Records shown section start
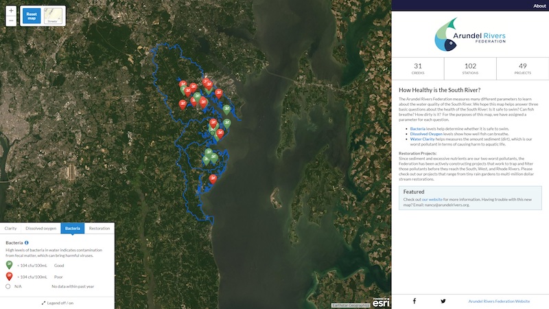 The Arundel Rivers Federation launched a new online water quality map built in partnership with the Chesapeake Conservancy to help visualize data from water quality samples. The tool helps answer:
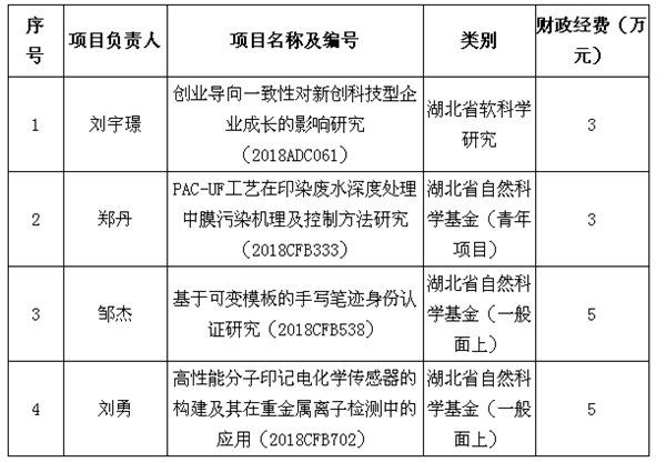 新闻中心讯(特约记者 曾荷爱)近日,湖北省科技厅下发了《关于下达2018年湖北省科技计划项目(第一批)的通知》(鄂科技发计﹝2018﹞3号),英国正版365官网获批2018年度湖北省科技计划项目4项,其中2项为湖北省自然科学基金一般面上项目,1项为湖北省自然科学基金青年项目,1项为湖北省技术创新专项(软科学研究)项目,总资助经费16万。总立项数和总立项经费均创历史新高,立项数位居全省同类高校前列。具体立项情况见下表:
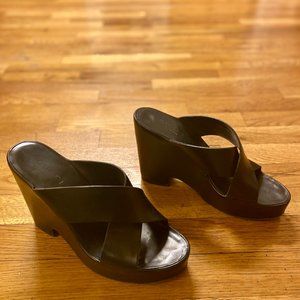 🌟Absolutely gorgeous platform black leather sandals with a peep toe and black cross-strap
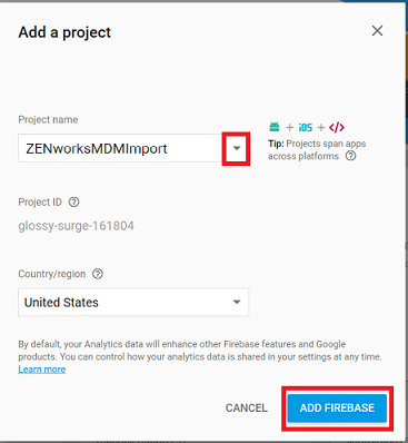 Click the Project Name drop-down menu and select the GCM project that you want to import. Click Add Firebase.
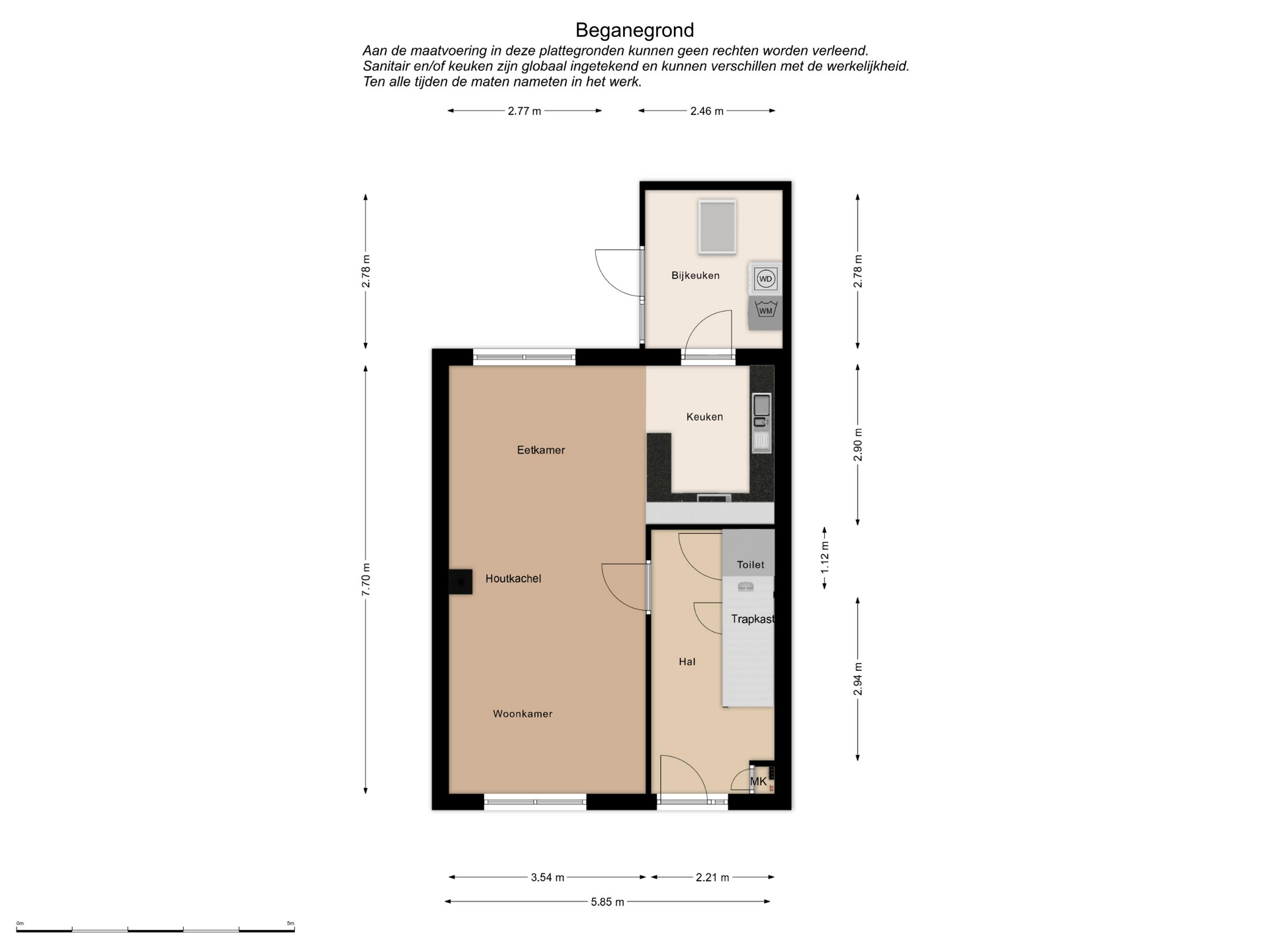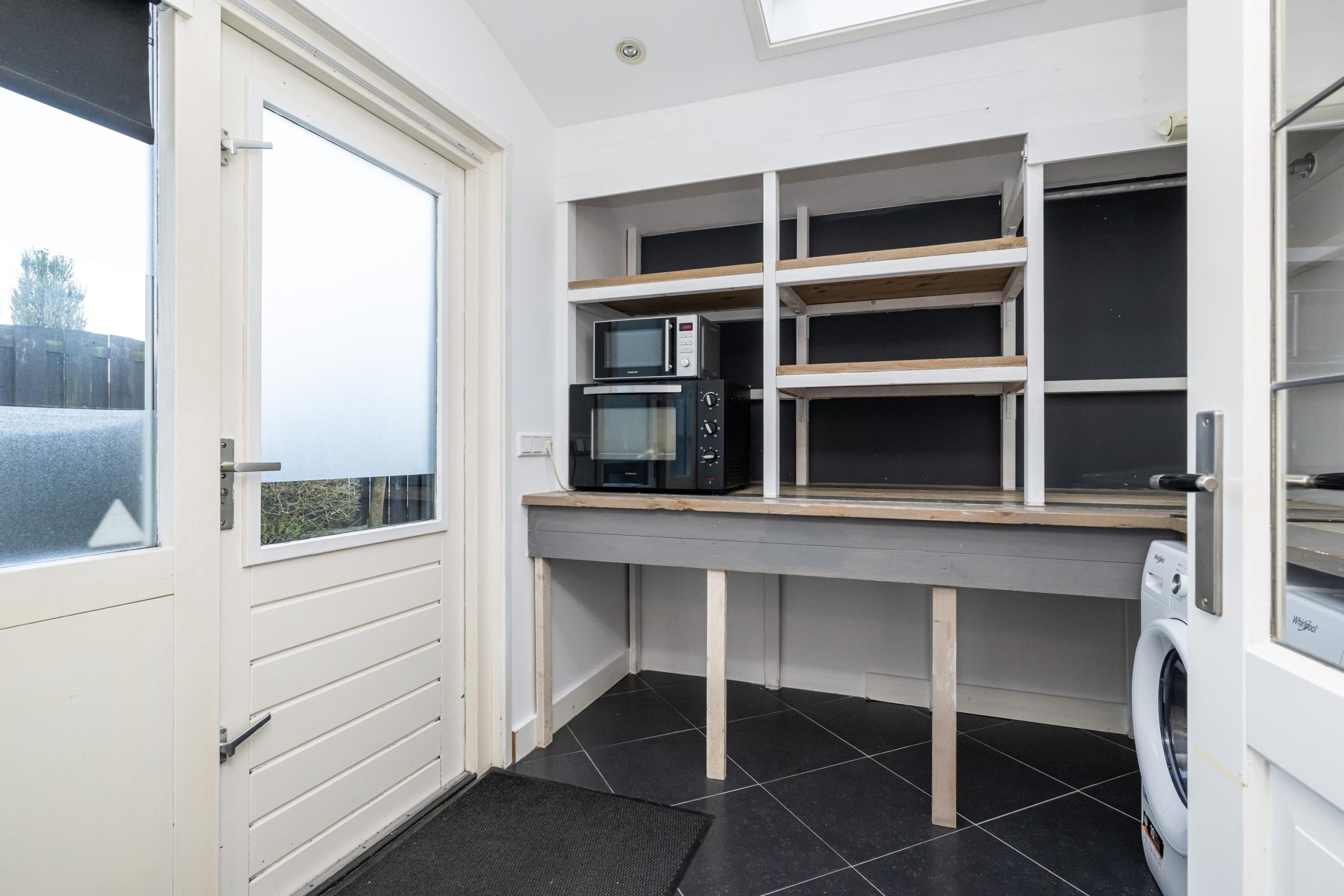 Toegang tot bijkeuken (2.78mx2.48m) met lichtkoepel, opstelplaats witgoed-aansluitingen.
Records shown section end
Nothing but the lines from the one containing "新闻中心讯(特约记者 曾荷爱" through the end of the entries should be written out, exactly and without pictures.

** Reply to the exercise **
 新闻中心讯(特约记者 曾荷爱)近日,湖北省科技厅下发了《关于下达2018年湖北省科技计划项目(第一批)的通知》(鄂科技发计﹝2018﹞3号),英国正版365官网获批2018年度湖北省科技计划项目4项,其中2项为湖北省自然科学基金一般面上项目,1项为湖北省自然科学基金青年项目,1项为湖北省技术创新专项(软科学研究)项目,总资助经费16万。总立项数和总立项经费均创历史新高,立项数位居全省同类高校前列。具体立项情况见下表:
 🌟Absolutely gorgeous platform black leather sandals with a peep toe and black cross-strap
 Click the Project Name drop-down menu and select the GCM project that you want to import. Click Add Firebase.
 Toegang tot bijkeuken (2.78mx2.48m) met lichtkoepel, opstelplaats witgoed-aansluitingen.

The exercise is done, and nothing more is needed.